Therefore, the larger the Simpson index in the system, the higher the diversity of Gene.

Hypothetical Test

The diversity index describes the diversity of microbial communities within a sample, but how the diversity differs between samples requires a hypothesis test (also often called a significance test). The commonly used parametric test method is T test/analysis of variance, and the commonly used nonparametric test method is Wilcoxon/Kruskal-Wallis test.

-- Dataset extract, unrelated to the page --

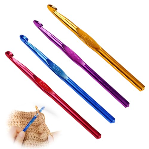 4Pcs Large Crochet Hooks Set (8mm-15mm) - Ergonomic Plastic Hooks for Chunky Yarn with Marking Buckles 100 pcs, Beginner Knitting, Blankets & Shawls

  • Parametric test: It is necessary to assume that the sample conforms to a specific distribution (usually a normal distribution) and then perform a statistical test on the mean and variance of the parameters. When the number of comparison groups is equal to 2, the T test is commonly used, and when the number of comparison groups is greater than 2, analysis of variance is commonly used.
  • Nonparametric test: When it is impossible to determine which distribution the sample belongs to, first sort the samples according to certain sorting rules, and then perform a statistical test on the ranking. This method has no requirements on data distribution, but its sensitivity will be lower than that of parametric tests. When the number of comparison groups is equal to 2, Wilcoxon is commonly used, and when the number of comparison groups is greater than 2, Kruskal-Wallis is commonly used.

The null hypothesis H0H_0 of the significance test is that the diversity indices of the two samples are not different. It is generally considered that when the significance test result p < 0.05, the null hypothesis is rejected, and the α diversity difference between the two samples is considered to be significant.

Data Visualization

The Dr. Tom system uses boxplots to visualize the results of Alpha Diversity Analysis.

FAQ

Q: What are the specific methods used to test Alpha diversity statistics?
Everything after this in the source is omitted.